Streaming exclusivity will hurt companies in the long term

The myriad streaming choices will also make accessing content much more complicated for viewers.

Remember when there was just Netflix and Hulu, and nobody cared about Hulu? Simpler times, those were. Now that entertainment and mass media companies have realized how lucrative online streaming is, these once-dominant services now have some serious competition. Well, competition incentivizes better, more cost-effective offerings from producers, so competition is good for consumers, right? In 99.9 percent of cases, I would say the answer is obviously yes.

By now, however, you can probably tell that this is one of those scenarios where that is not the case. In the streaming industry, competition is not about making your product better; it’s about making other products worse. Enter the exclusivity deal.

You can watch “The Office” on Netflix, but not on Hulu, because Netflix has paid NBC for the exclusive rights to stream the show online. In the industry’s infancy, when there were only two major legal streaming services, this was not such a big deal, and it allowed the two services to one-up each other with new offerings. Times have changed, however, and now every vaguely media-related company has its own streaming service either available or soon to be released (Netflix, Hulu, Amazon Prime, CBS All Access, ESPN+, Disney+, HBO Now, HBO Max, Peacock, Apple TV+, YouTube TV, NBC Sports Gold, et al.).

Naturally, since NBC will soon release its dedicated streaming service (Peacock), “The Office” will be available for streaming there and only there, otherwise NBC would have to admit that they have nothing unique worth buying an entire streaming service for. Because there is now a prolific number of streaming services, and each is segmenting off its own corner of the digital marketplace, a Netflix subscription is less valuable than it was ten years ago in terms of the content it includes.
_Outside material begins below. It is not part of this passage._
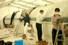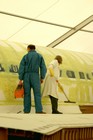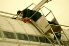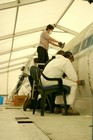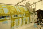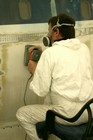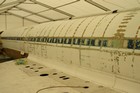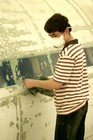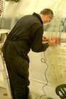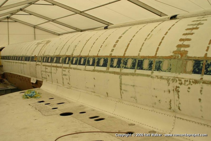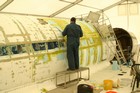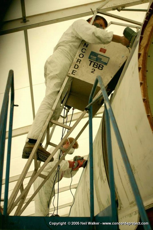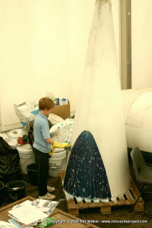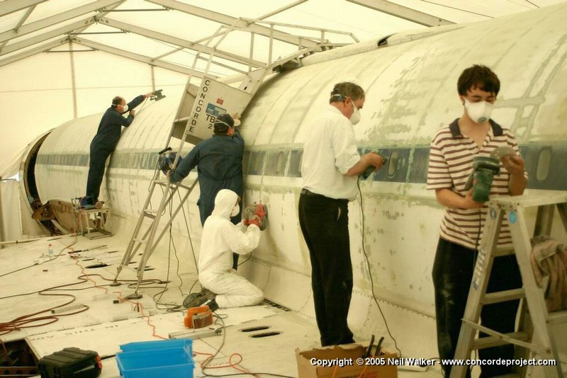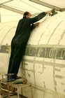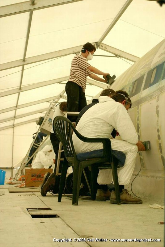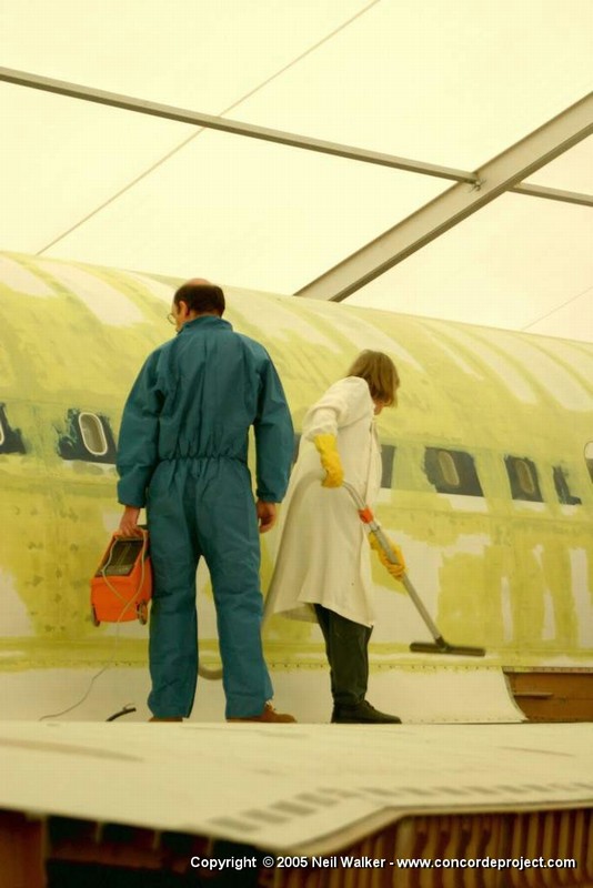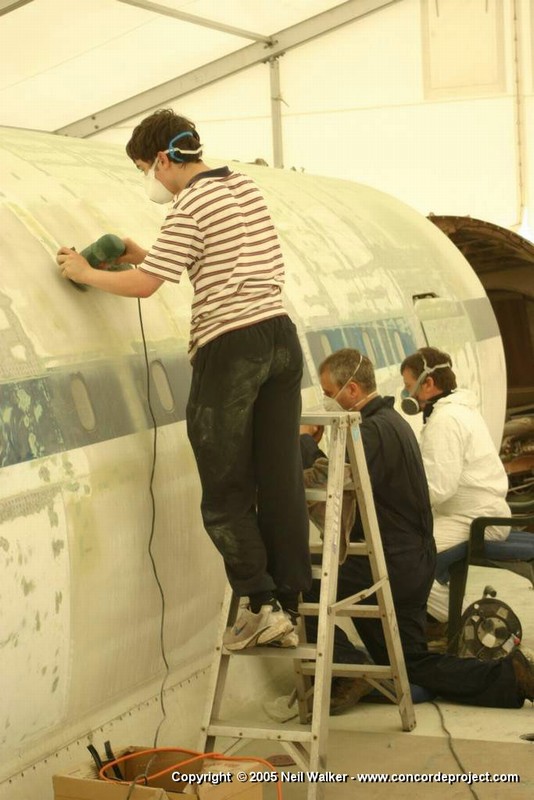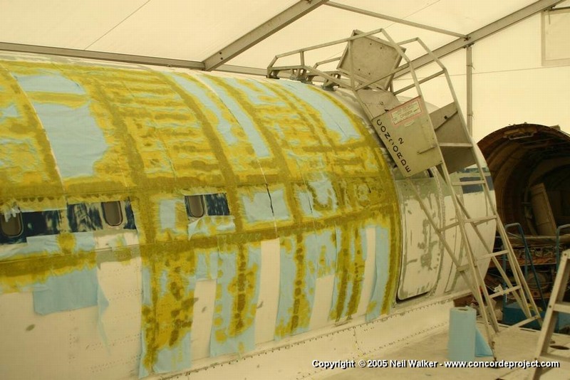 Sanding the centre fuselage and applying Alochrom (a corrosion-resistant protective coating for aluminium).

Netflix knows this; that’s probably why they’ll toss a few million bucks to any recently-graduated film studies major with a script written in crayon to produce an original series.

Before Netflix, there was piracy. It goes without saying that piracy is illegal. Peer-to-peer file sharing, torrent sites and other shady software can be used to access movies and TV shows online. When the internet was in its infancy, this was the easiest way to access online media, but there was a high probability of downloading a virus or malware. Because of the risk involved, when streaming services began to offer the same content for a monthly fee without the risk of being tricked into downloading something as sinister as McAfee antivirus, many stopped pirating and started streaming.

Now that it is harder to access content through streaming, this trend is reversing. The Institute for Information Law found that, in 2014, 83 percent of people in the U.K. accessed some type of streaming content legally and 38 percent accessed some type of streaming content illegally. In 2018, Variety found that some 60 percent of consumers had accessed content illegally. Although these used different survey methods (it was really hard to find two surveys of the same country, okay?), there is a clear and present increase in interest of piracy, especially when one considers that the Variety survey also found that 83 percent of pirates try to find legal channels to access the content first.

The streaming industry is tearing itself apart by focusing on short-term profit; people will follow the path of least resistance and once it becomes easier to pirate, people will pirate. Personally, though, I’m just going to be using my 10 different defunct emails and just getting a free trial whenever I want to watch something.